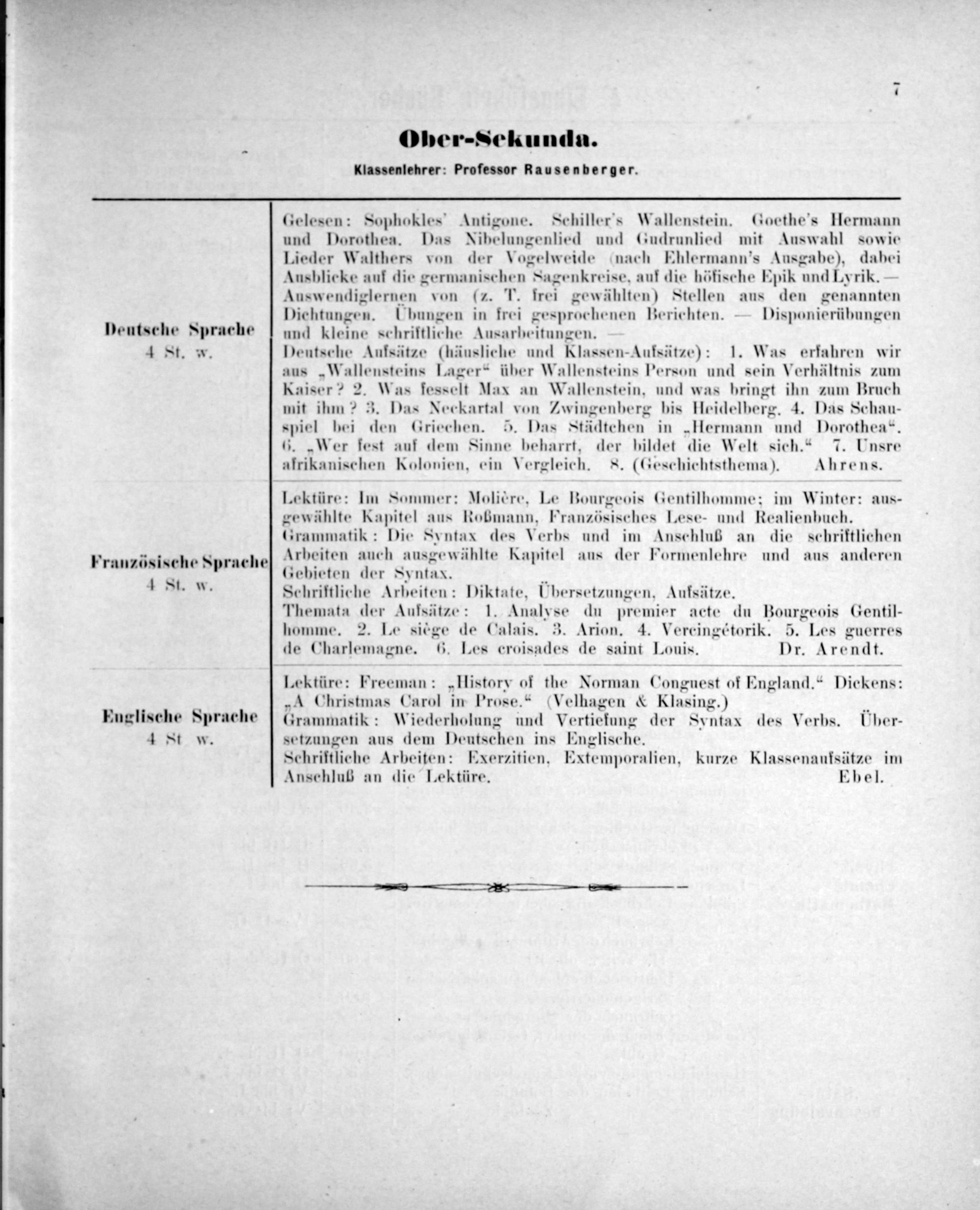 Gelesen: Sophokles Antigone. Schiller’s Wallenstein. Goethe’s Hermann und Dorothen. Das Nibelungenlied und Gudrunlied mit Auswahl sowie Lieder Walthers von der Vogelweide nach Ehlermann’s Ausgabe), dabei Ausblicke auf die germanischen Sagenkreise, auf die höfische Epik und Lyrik. Auswendiglernen von(z. T. frei gewählten) Stellen aus den genannten Dichtungen. U'bungen in frei gesprochenen Berichten. Disponierübungen und kleine schriftliche Ausarbeitungen.
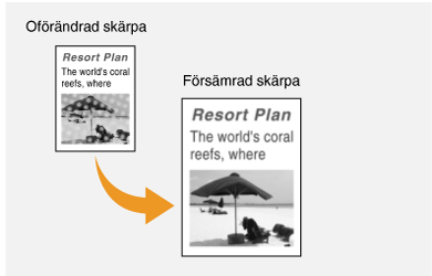 ![]() | Du kan justera bildens skärpa. Öka skärpan för att få tydligare text och linjer, och minska skärpan för att förbättra tidskriftsfoton. Justera skärpan |
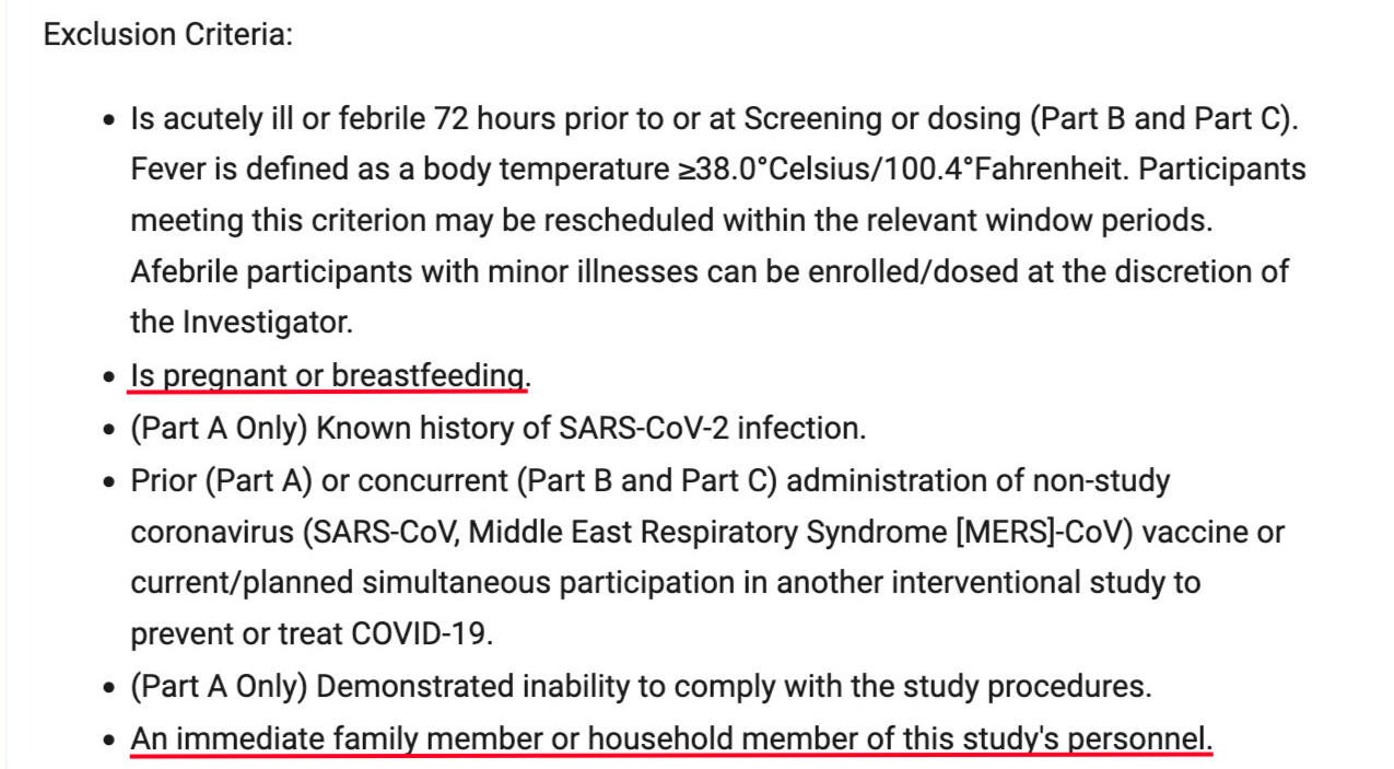 - An immediate family member or household member of this study's personnel. (ie. Moderna employees and their families are exempt from taking the deadly jab).

## Activity
Once the pictures are set aside, the remaining data must be transcribed exactly.

## Output below
 Gelesen: Sophokles Antigone. Schiller’s Wallenstein. Goethe’s Hermann und Dorothen. Das Nibelungenlied und Gudrunlied mit Auswahl sowie Lieder Walthers von der Vogelweide nach Ehlermann’s Ausgabe), dabei Ausblicke auf die germanischen Sagenkreise, auf die höfische Epik und Lyrik. Auswendiglernen von(z. T. frei gewählten) Stellen aus den genannten Dichtungen. U'bungen in frei gesprochenen Berichten. Disponierübungen und kleine schriftliche Ausarbeitungen.
 ![]() | Du kan justera bildens skärpa. Öka skärpan för att få tydligare text och linjer, och minska skärpan för att förbättra tidskriftsfoton. Justera skärpan |
 - An immediate family member or household member of this study's personnel. (ie. Moderna employees and their families are exempt from taking the deadly jab).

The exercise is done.